Go on a hiring spree

While big chains are loading up on goods, the picture is much different for small stores.

According to a recent survey by the National Federation of Independent Business, a lobbying group for small businesses, 39% of small business owners reported in October that supply chain disruptions have had a significant impact on their business. Another 29% reported a moderate impact. Only 10% reported no impact from supply chain disruptions.

“One of the biggest problems for small businesses is the lack of workers for unfilled positions and inventory shortages, which will continue to be a problem during the holiday season,” said NFIB chief economist Bill Dunkelberg.

Meanwhile, companies such as Walmart and Target are hiring hundreds of thousands of workers this holiday stretch and they say they’re not having much trouble filling jobs.

Eat into your profit

Additionally, small stores typically have less financial flexibility to absorb higher costs and keep prices low for customers than large competitors.

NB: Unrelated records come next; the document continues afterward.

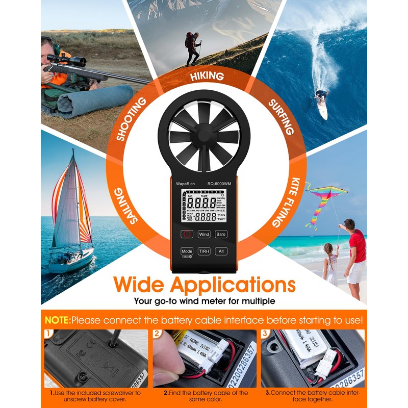 - 📲【Touch Screen & Rechargeable】Anti-interference touch button design, waterproof and dustproof, suitable for various outdoor activities such as hiking, sailing, shooting, etc. Wind Gauge built-in rechargeable battery, simply connect it to any USB power source using the included cable for easy charging.
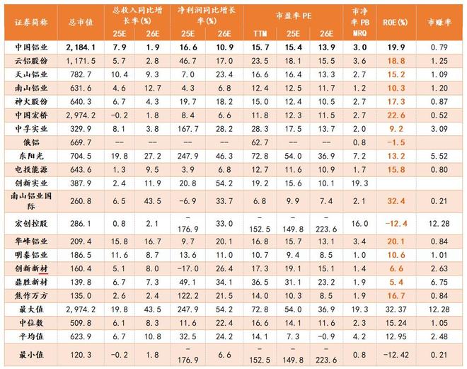 ROE居前的是南山铝业、华峰铝业、中国宏桥、中国铝业等。
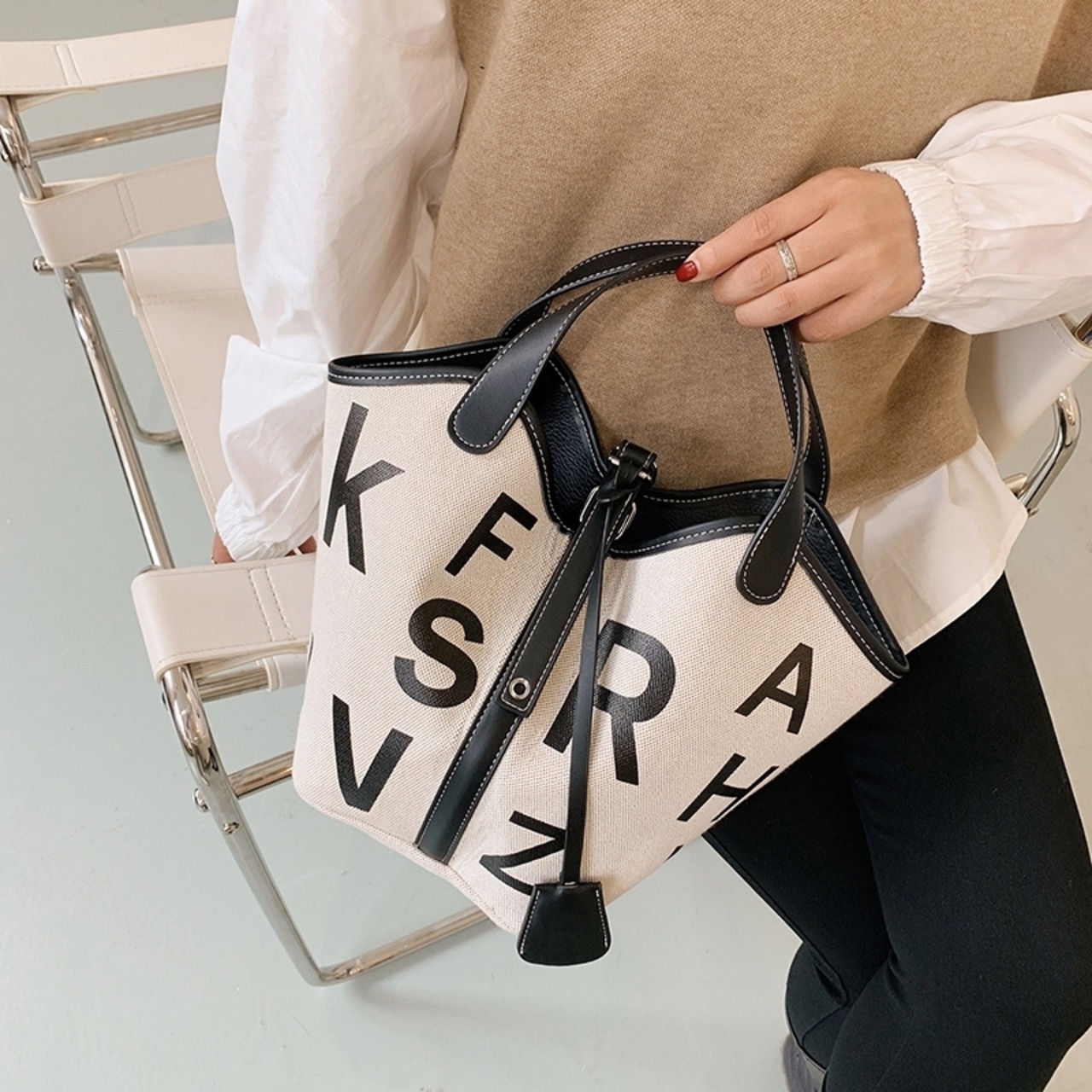 英字 キャンバス トートバッグ ポーチ付き 万能 おしゃれ 韓国 [gg-0615]
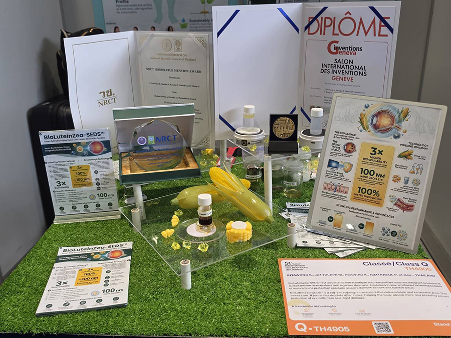 2. นวัตกรรมสารสกัดลูกทีน-ซีแซนทีนจากข้าวโพดหวานสายพันธุ์ไทย ที่พัฒนาในระบบกักเก็บและนำส่งอิมัลชันเกิดเองเพื่อสุขการมองเห็นระยะยาว (BioLuteinZea-SEDS™: Smart Self-Emulsifying Sweet Corn Lutein–Zeaxanthin Complex for Vision Longevity Nutraceutical) ผลงานโดย ดร.สมกมล อินทวงค์ นักวิจัยอาวุโส ดร.ภัทราวีร์ ทองอ่อน นักวิจัย ดร.ภัทรนภา นิ่มตระกูล นักวิจัย น.ส.มณีรัตน์ จัตตุลาภา นักวิจัย ศูนย์เชี่ยวชาญนวัตกรรมผลิตภัณฑ์สมุนไพร **ได้รับรางวัล Bronze medal จาก The 51st International Exhibition of Inventions Geneva และ NRCT Honorable Mention Award จาก วช.**
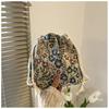 Umhängetasche Kordelzug Canvas Damentasche Blumenstickerei Ethno-Stil Kleine Tasche Crossbody Bucket Bag
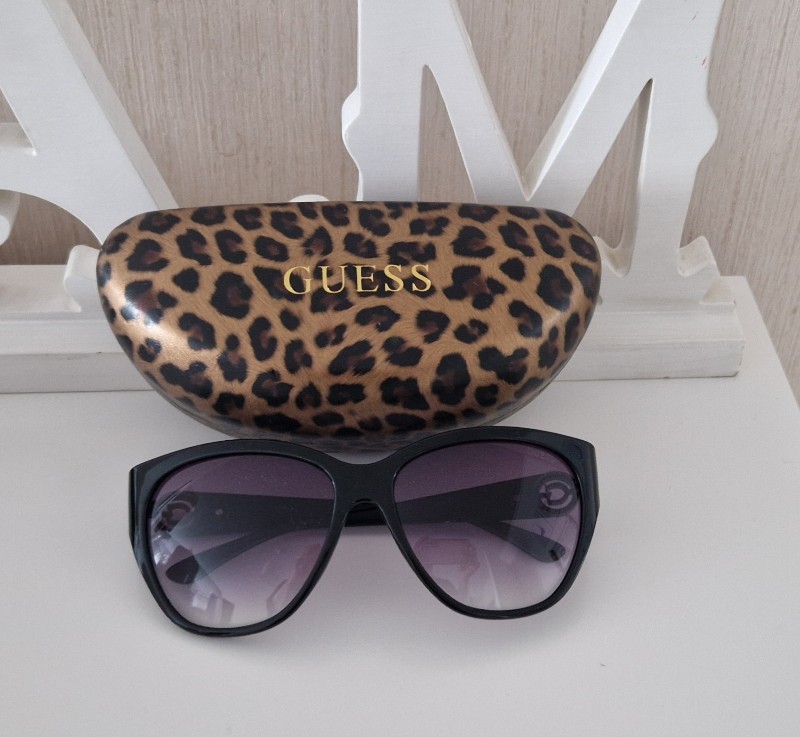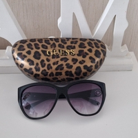 Guess aurinkolasit. Toisen sangan sisäpuolella kuvan mukaista jälkeä. Sankojen sisäpuolen merkinnät kuluneet enkä saa selville mallitietoja. Kohtuusiisti kunto. Mukaan kotelo ja toisen merkin pyyhinliina.

Walmart and Target, however, say they are raising prices at a slower pace than competitors. Although that is hurting their profit margins, they’re betting the strategy will help them win budget-conscious consumers looking for stores that offer the lowest prices as rising inflation squeezes their wallets.

Walmart, for example, said its price gaps with competitors are wider than they were before the pandemic because the company is absorbing some costs instead of passing them off to customers.

“Our price gaps are where we want them,” Walmart CEO Doug McMillon said on a call with analysts Tuesday.

This could help Walmart gain market share this holiday and into 2022 with a growing number of customers looking to trade down to cheaper stores.

Seventeen percent of shoppers said they planned to shop at different retailers if prices continued to rise, according to a survey of more than 14,000 shoppers conducted online in September by consumer research firm Numerator.